Volevo trovare un corso in cui l’illustrazione fosse pensata e realizzata in funzione del libro.
Il corso Progettare libri tenuto da Paolo Canton l’avevo già fatto, anche il Progettare Libri 2. Dovevo cercare altrove.
Alla Bologna Children’s Book Fair, presso lo stand delle Immagini della fantasia, la scuola d’illustrazione di Sarmede ho assistito alla presentazione del corso Illustriamo un libro di Valeria Bertesina.
Mano a mano che Valeria parlava con quel suo tono preciso e calmo io rimanevo impigliata tra le sue parole. L’obiettivo del corso era la realizzazione di una o più illustrazioni per un libro che sarà pubblicato dalla casa editrice Tassotti a dicembre 2015. Il libro contiene una piccola raccolta di poesie scelte tra i classici.

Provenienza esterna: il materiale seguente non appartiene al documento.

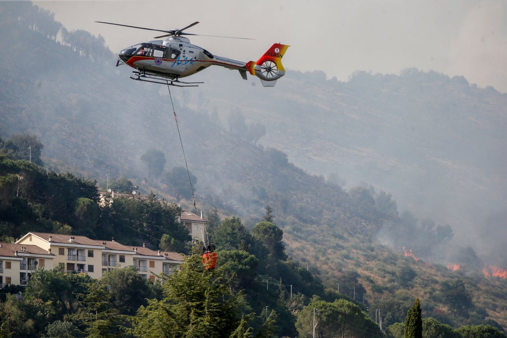 Images released by firefighters in the region showed planes dumping water onto blazing agricultural buildings, while the Spanish Red Cross tweeted pictures of first responders bringing elderly residents to safety.
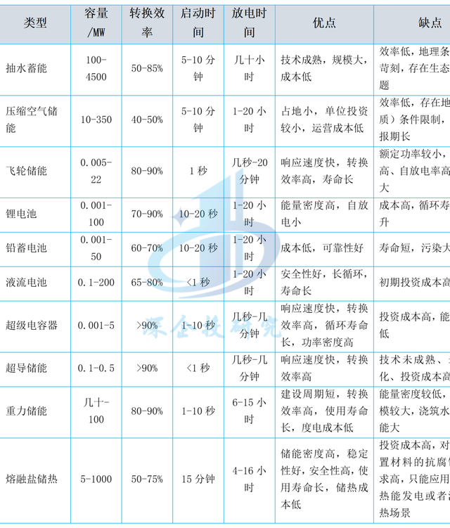 儲(chǔ)能技術(shù)呈現(xiàn)多元化發(fā)展格局,各有不同的應(yīng)用場景。每種儲(chǔ)能技術(shù)均具有一定的獨(dú)特性,在實(shí)際應(yīng)用中,需要用戶綜合考慮各種儲(chǔ)能技術(shù)的特點(diǎn)以及優(yōu)缺點(diǎn),選擇最適宜的技術(shù)方案。比如,飛輪儲(chǔ)能、超級(jí)電容、超導(dǎo)儲(chǔ)能可以解決秒級(jí)或分鐘級(jí)以下的調(diào)頻需求;抽水蓄能、壓縮空氣儲(chǔ)能、燃料電池和電化學(xué)儲(chǔ)能等則更適用于進(jìn)行小時(shí)級(jí)調(diào)峰;氫儲(chǔ)能適合執(zhí)行季節(jié)性調(diào)峰。不同儲(chǔ)能技術(shù)的特點(diǎn)如下表所示。
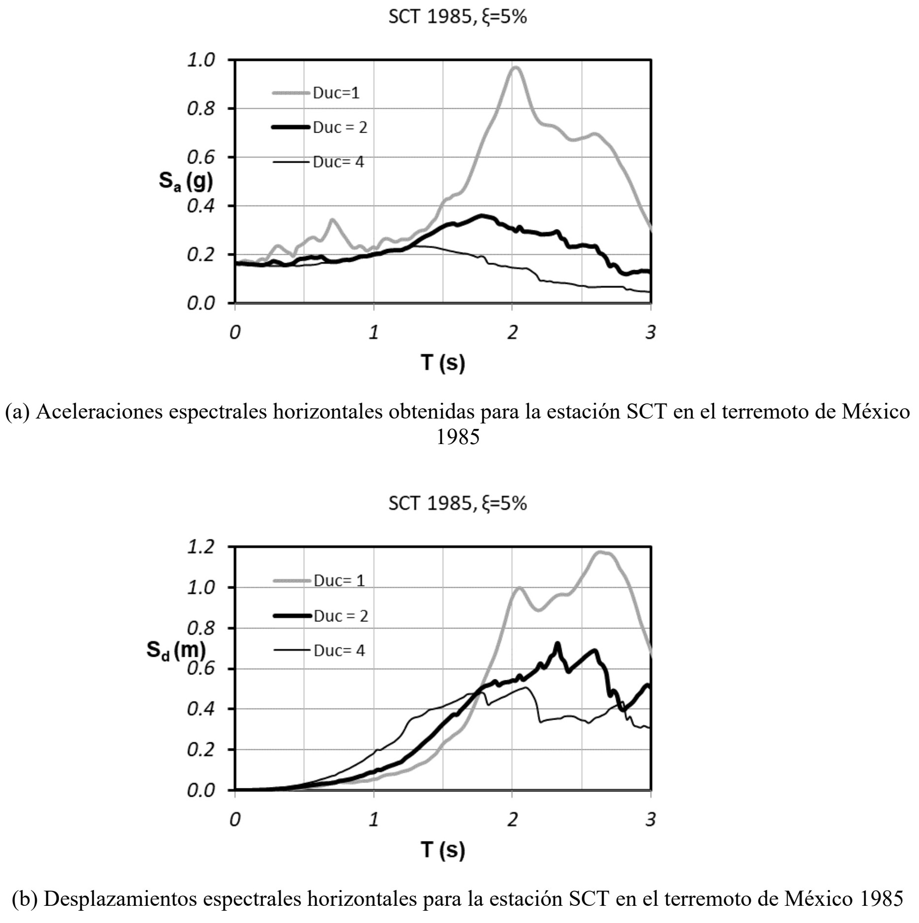 La Fig. 7 muestra las aceleraciones espectrales para el registro de aceleraciones del 19 de septiembre de 1985 en la estación SCT, considerando los casos de ductilidad de desplazamiento, μ, de la estructura, iguales a 2 y 4. Estos espectros de respuesta fueron obtenidos con el programa Ruaumoko (Carr, 2011), el cual permite evaluar la respuesta dinámica lineal y no lineal de una estructura, en este caso de 1 grado de libertad (1GDL). La fracción de amortiguamiento crítico, , que se empleó fue igual a 5%, con el fin de ser congruente con los valores de la fracción de amortiguamiento crítico implícito en los espectros de diseño de las normativas. Sin embargo, se debe mencionar que este valor para un análisis dinámico inelástico podría estar sobrestimado (Panagiotou, 2008; Martinelli y Filippou, 2009). Para representar el comportamiento inelástico de una estructura de concreto reforzado se empleó la regla de histéresis de Takeda modificado (Carr, 2011).
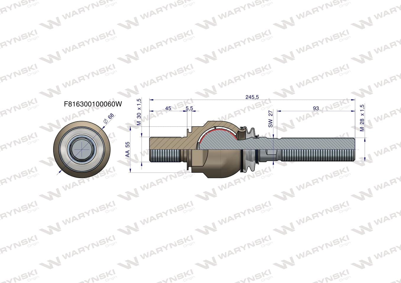 Przegub kierowniczy 245,5mm- M30x1,5; M28x1,5 F816300100060 WARYŃSKI

Al lavoro, nonostante il caldo, nella storica sede di Rugolo.
Avevo trovato il corso adatto a me, c’era solo un problema, alla fine della presentazione, i posti disponibili erano esauriti.
Non mi sono data per vinta, infiltrata nella lista d’attesa e grazie alla disponibilità di Valeria e dell’editore Tassotti, che ha acconsentito ad aggiungere un quartino al libro, sono riuscita a partecipare.
Un mese prima dell’inizio di Illustriamo un libro, Valeria ha inviato agli allievi il testo delle poesie in modo che potessimo leggerle, sceglierne un paio e cominciare a riflettere sulle possibilità d’interpretazione e illustrazione e magari realizzare qualche bozzetto.

Jani Lunablau.
Sandrine Duc.
La seconda settimana di luglio a Sarmede faceva un gran caldo e fin dal primo giorno di corso è stato subito chiaro che avremmo sudato parecchio e non solo per l’alta temperatura.
Valeria ha cominciato considerando le poesie che ogni allievo aveva scelto e gli eventuali bozzetti fatti, così da assegnare a ognuno di noi la poesia più adatta da illustrare.
Dovevamo realizzare una o più illustrazioni per la poesia da inserire nel libro, una o anche due illustrazioni sempre legate alla poesia per la mostra itinerante che accompagnerà l’uscita del libro, un’immagine per la copertina, che sarebbe stata scelta dall’editore, proporre almeno tre titoli.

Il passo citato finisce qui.